Spanish company to create hub in Dominican Republic to operate in the Caribbean

Víctor Salamanca considers the investment prospects in Latin America encouraging, despite the challenges.Listín Diario
Madrid, Spain — The Dominican Republic continues to be attractive to Spanish investors. Víctor Salamanca, CEO of the family-owned company Auxadi, which operates in more than 33 Latin American countries, revealed that they have just purchased a Dominican company that will allow them to expand their services by creating a hub from which to operate in the LAC region.
Salamanca told Listín Diario, at the end of the presentation of the XVII 2025 report, Panorama of Spanish Investment in Latin America, that the Dominican Republic is a significant market where they have purchased an accounting firm.
He said it is an important company that manages baseball and telephone company payrolls. Auxadi is buying other companies in London, the United States (Miami), Belgium, and a legal firm in Spain, which shows their organic and inorganic growth.
“We need local growth, so to help our clients abrad with local knowledge, we have to buy,” he said.
Auxadi offers services and consulting “in telecommunications, the hotel sector, infrastructure, and all sectors where Spanish investment goes. That is why they follow companies from the Dominican Republic and the United States when they go there; they are multi-Latin American companies.
According to Salamanca, this means more local jobs for Dominicans because they will be established here and can access other Caribbean markets from this country.
Although the final investment amount has not been determined, Salamanca assured that there will be a monthly impact of US$10 million.
Auxadi is a Spanish family-owned company that offers legal advice, tax obligations, accounting, payroll, and cash management, among other services. It is a global platform with a single point of contact.

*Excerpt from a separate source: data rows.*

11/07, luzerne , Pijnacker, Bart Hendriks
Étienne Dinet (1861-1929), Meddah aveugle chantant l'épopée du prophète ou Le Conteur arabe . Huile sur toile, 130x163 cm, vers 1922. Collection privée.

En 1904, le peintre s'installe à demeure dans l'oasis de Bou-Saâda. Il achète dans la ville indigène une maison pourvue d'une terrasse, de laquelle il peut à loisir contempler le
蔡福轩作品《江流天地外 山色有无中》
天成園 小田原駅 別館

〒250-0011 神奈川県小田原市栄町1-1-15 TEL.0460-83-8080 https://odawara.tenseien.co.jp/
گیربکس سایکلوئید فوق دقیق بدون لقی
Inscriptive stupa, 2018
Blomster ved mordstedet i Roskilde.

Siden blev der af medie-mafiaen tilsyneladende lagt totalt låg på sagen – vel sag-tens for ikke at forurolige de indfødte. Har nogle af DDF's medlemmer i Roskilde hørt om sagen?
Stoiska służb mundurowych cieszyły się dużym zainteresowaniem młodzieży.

It operates in over 50 countries and has 1,500 clients, 95% multinational companies.
For years, the company has contributed to developing the Spanish investment report on Latin America, Iberia, and Casa de América.
Salamanca participated in the presentation of the report, where, among other details, he emphasized that the union between the European Union and Latin America would face challenges in the global economic context.
He pointed to political instability, currency volatility, inflation, regulatory changes, and fiscal complexity in countries such as Brazil, Argentina, Venezuela, and Colombia as points of conflict, which represent a significant challenge for foreign investment companies, among others, which are not immune to political instability and corruption.
Trump’s policy
About Trump’s tariff policy for Americans (Make America Rich Again), he said that it generates certainty but also a great deal of uncertainty.
The CEO of Auxadi highlighted that reforms aimed at improving the investment climate, such as the simplification of procedures, the protection of property, the promotion of transparency, and agreements that facilitate trade and investment, are encouraging in Latin America.
Salamanca spoke of investment opportunities in various sectors, such as energy, telecommunications, infrastructure, and financial services, which continue to offer fertile ground for Spanish investment.
He also cited challenges and strategies for mitigating risks, such as leveraging free trade agreements and regional integration initiatives to facilitate free access and optimize operating costs.